> _Activity_: After locating the line that contains "Strikingly contemporary, the" in the data below, set down exactly that line and each one after it through the line that contains "食材:蘆筍200克、辣椒1個、臘肉100克、蔥、薑、料酒、鹽、生抽、食用油", and nothing more.

> _Data for processing_:
◆ ◆ ◆ ◆ ◆ ◆ ◆

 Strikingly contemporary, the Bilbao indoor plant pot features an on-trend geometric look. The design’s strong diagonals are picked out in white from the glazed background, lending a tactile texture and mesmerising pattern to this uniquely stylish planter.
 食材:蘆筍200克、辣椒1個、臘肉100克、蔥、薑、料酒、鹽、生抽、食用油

◆ ◆ ◆ ◆ ◆ ◆ ◆

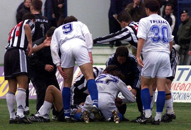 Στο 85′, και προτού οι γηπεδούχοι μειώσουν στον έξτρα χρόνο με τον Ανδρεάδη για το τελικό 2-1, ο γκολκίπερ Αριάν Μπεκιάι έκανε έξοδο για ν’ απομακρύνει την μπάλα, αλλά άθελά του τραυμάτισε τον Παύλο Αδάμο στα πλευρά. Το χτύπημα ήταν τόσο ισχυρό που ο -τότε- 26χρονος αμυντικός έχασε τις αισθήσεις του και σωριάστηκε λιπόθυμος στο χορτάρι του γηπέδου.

◆ ◆ ◆ ◆ ◆ ◆ ◆

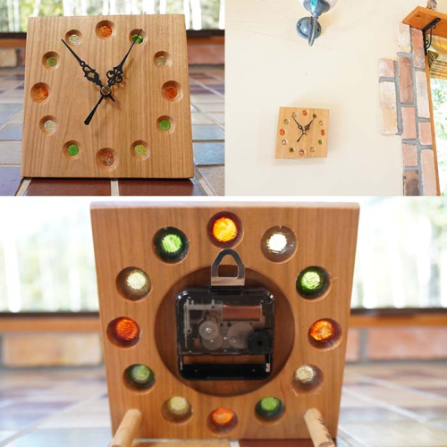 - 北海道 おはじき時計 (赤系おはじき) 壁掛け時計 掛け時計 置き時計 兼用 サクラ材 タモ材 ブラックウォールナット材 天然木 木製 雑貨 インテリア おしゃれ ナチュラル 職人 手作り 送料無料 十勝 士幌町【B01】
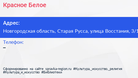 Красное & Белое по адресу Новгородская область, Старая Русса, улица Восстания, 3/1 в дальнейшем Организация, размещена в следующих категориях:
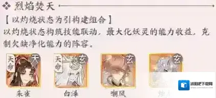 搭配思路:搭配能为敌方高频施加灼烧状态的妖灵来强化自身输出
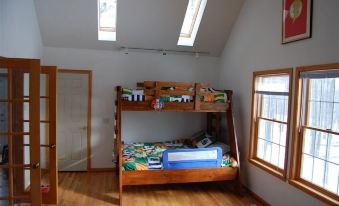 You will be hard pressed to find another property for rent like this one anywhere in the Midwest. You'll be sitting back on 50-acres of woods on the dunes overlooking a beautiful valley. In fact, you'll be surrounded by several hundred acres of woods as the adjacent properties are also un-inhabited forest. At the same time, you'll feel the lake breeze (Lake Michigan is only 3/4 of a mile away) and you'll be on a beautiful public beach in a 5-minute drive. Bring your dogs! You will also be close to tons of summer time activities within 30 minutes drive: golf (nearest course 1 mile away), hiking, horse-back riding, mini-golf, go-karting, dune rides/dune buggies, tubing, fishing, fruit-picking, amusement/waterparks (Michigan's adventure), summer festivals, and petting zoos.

◆ ◆ ◆ ◆ ◆ ◆ ◆

> _Output below_:
 Strikingly contemporary, the Bilbao indoor plant pot features an on-trend geometric look. The design’s strong diagonals are picked out in white from the glazed background, lending a tactile texture and mesmerising pattern to this uniquely stylish planter.
 食材:蘆筍200克、辣椒1個、臘肉100克、蔥、薑、料酒、鹽、生抽、食用油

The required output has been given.